Figure 5-1: Suppression of CpG frequency in KSHV and MHV68.

CpG dinucleotides across the viral genomes are symbolized by pink bars. Values on the y-axis represent the ratio of observed to expected CpG-dinucleotides (termed CpG suppression) within shifting calculation windows of 200 base pairs. Lower graphs represent close-ups of the respective ORF50 promoter region within both virus genomes. Mean and standard deviation of ratios are indicated by black horizontal lines and gray boxes.

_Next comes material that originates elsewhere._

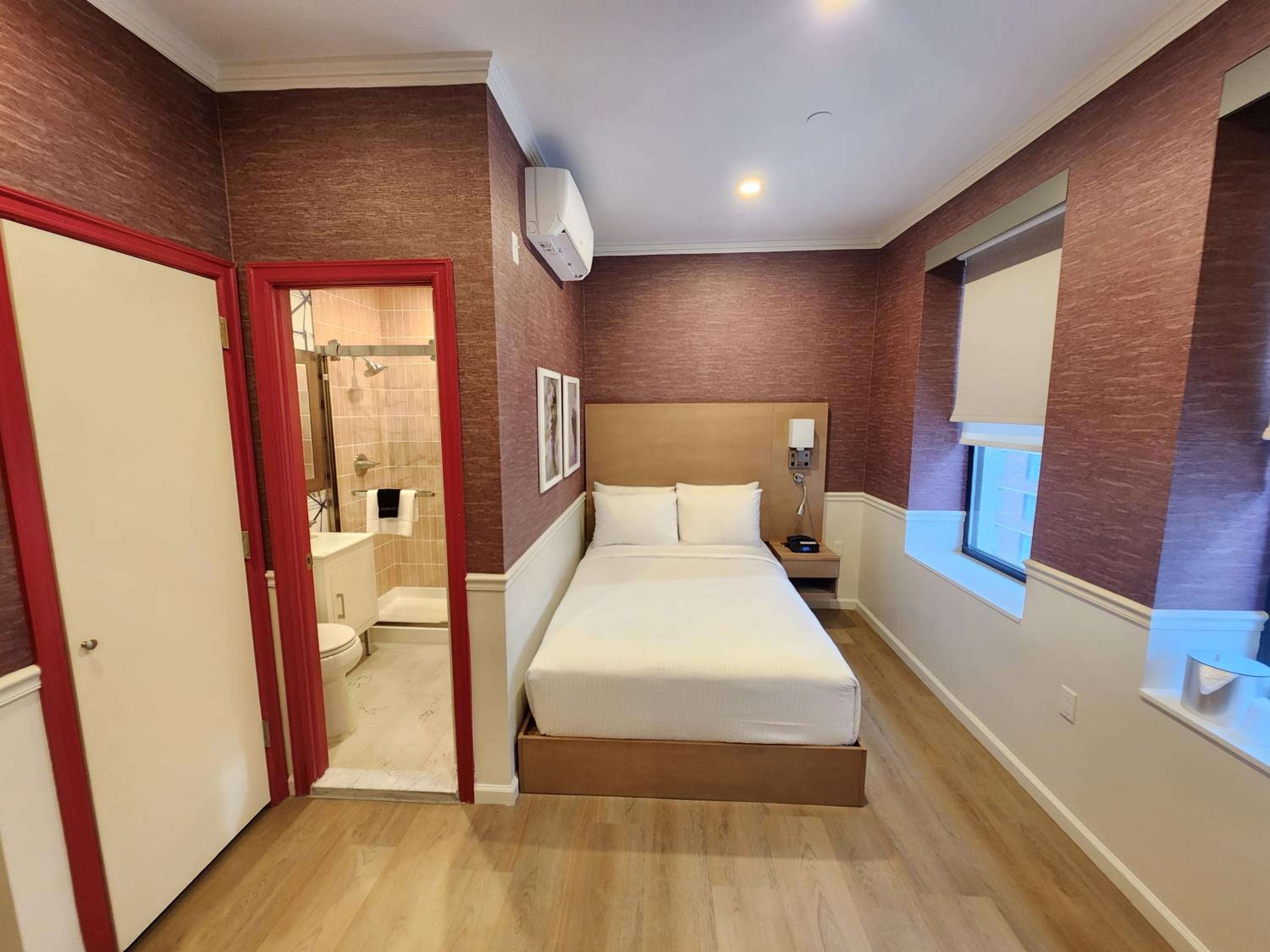 タイムズスクエアから近く、ありとあらゆる観光地が徒歩圏内、地下鉄も乗りやすい場所だった。お部屋もコンパクトながら、小さなクローゼットもあり、スーツケースは大きいものと小さいものが広げられた。バスタブはないがちゃんと仕切りのあるシャワーブースでシャンプーがいい香りだった。私は英語が苦手だったがとても親切だった。

Taken together, our results clearly demonstrate that DNA methylation is not a pre-requisite for latency establishment or maintenance in KSHV infection. Given the findings that the DNA methylation occurs late during latent infection exactly at H3K27-me3 marked regions that are not activation marked, it most likely represents a passively occuring process that may be explained by the DNMT recruitment capability of PRC1 and PRC2 (described in detail in section 5.3). Furthermore, as MHV68 most likely forces Rta repression and latency by DNA methylation, and as EBV uses DNA methylation to ensure efficient lytic replication (although it does not need DNA methylation for establishment of the latent expression profile) it seems that gamma-herpesviruses follow different strategies to establish latency.